Voici par exemple ce que peuvent en dire leurs thuriféraires : « La création de "Plateformes d'orientation et de coordination" (POC), leur passage au Parlement, de l'argent, des Cahiers des charges pour les services, des décrets d'application pour la Sécurité sociale : un arsenal de mesures d'une grande complexité s'est enchaîné entre 2020 et 2021. En effet ces plateformes doivent coordonner des soins qui sont alors garantis entre 0 et 6 ans ». Il est alors prétendu qu’après des décennies de pertes de chances pour les enfants souffrant de TND, ces dispositifs seraient salvateurs…Pour information, je travaille sur un CMPP au sein duquel, il y a plusieurs années, des cliniciens pouvaient encore intervenir en crèche, ou à domicile, avec des rôles de prévention et d’intervention thérapeutique précoce, à travers notamment les méthodes d’observation du bébé. Il était alors possible, au sein des institutions, d’envisager des pratiques créatives, hors-les-murs mais reliées à la dynamique institutionnelle, afin de faire face à certaines problématiques sanitaires. Or, toutes ces initiatives ont été balayées, rendues impossibles, du fait de réformes gestionnaires et de réduction concrète des moyens. La part dévolue aux soins rétrécit inexorablement à mesure que croissent les contraintes administratives liées au remplissage d’indicateurs, liées à la nécessité de respecter les protocoles, de réaliser des évaluations standardisées, etc. En outre, nous sommes de plus en plus bridés par la nécessité de « valoriser » les activités cliniques rentables sur le plan de la tarification, sous peine de mettre en péril le financement même de l’institution.

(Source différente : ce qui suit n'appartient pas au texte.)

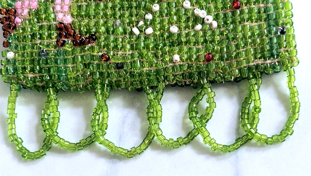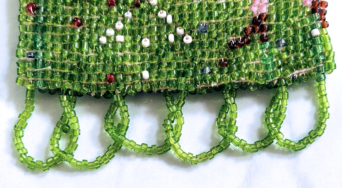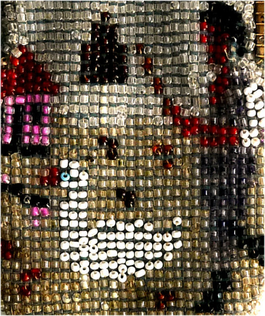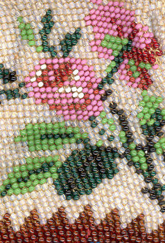 This is a very early child's beaded purse picturing roses on both sides with a typical sawtooth border at the bottom typical of the mid 1800's designs. The beadwork is in excellent condition. The interior is lined in a very early linen material and the purse appears to be crudely attached to the very pretty embossed brass frame. It almost looks as though a child's tiny hands sewed this purse to the frame herself. Two little beaded loops of fringe complete the purse. Measures approximately 3" wide x 4-1/2 " long. (Click on pic for more photos.) |

Dès lors, pourquoi ne pas allouer de véritables moyens aux institutions historiques, leur permettant de diversifier leurs interventions, et de contribuer efficacement au repérage et aux interventions précoces, plutôt que de créer une nouvelle strate administrative, hors-sol, venant tout simplement siphonner les moyens d’équipe compétentes et motivées, faisant face à une pénurie chronique et instituée ?
On n’organise pas l’accès à des soins de qualité en maniant l’affect et le mensonge: « Sans ces plateformes, ils (les petits enfants abandonnés) restent dans les bras de leurs parents, grands-parents, de leurs frères ou de leurs sœurs, attendant des soins qui ne viendront que bien plus tard ». Il existe pourtant des CMP petite enfance, des dispositifs de prévention en périnatalité, des CAMSP, des CMPP qui ont l’agrément pour accueillir des bébés et mettre en place des consultations préventives parents / enfants, avec la possibilité d’interventions pluridisciplinaires – abords sensori-moteur, psychothérapeutique, groupal…- mais aussi d’évaluations spécifiques. Par exemple, sur un des CMPP où je travaille, nous proposons des groupes préscolaires, des groupes d'observation orthophonie / psychomotricité, à destination des enfants présentant des troubles précoces de la socialisation et de la communication. Or, seules des institutions peuvent proposer ce type d'approche groupale, permettant d'appréhender les interactions entre pairs, avec des cliniciens différenciés, dans un cadre ouvert. Et ceci constitue à la fois une forme d'évaluation au plus près des difficultés réelles, en situation, mais aussi une démarche authentiquement soignante....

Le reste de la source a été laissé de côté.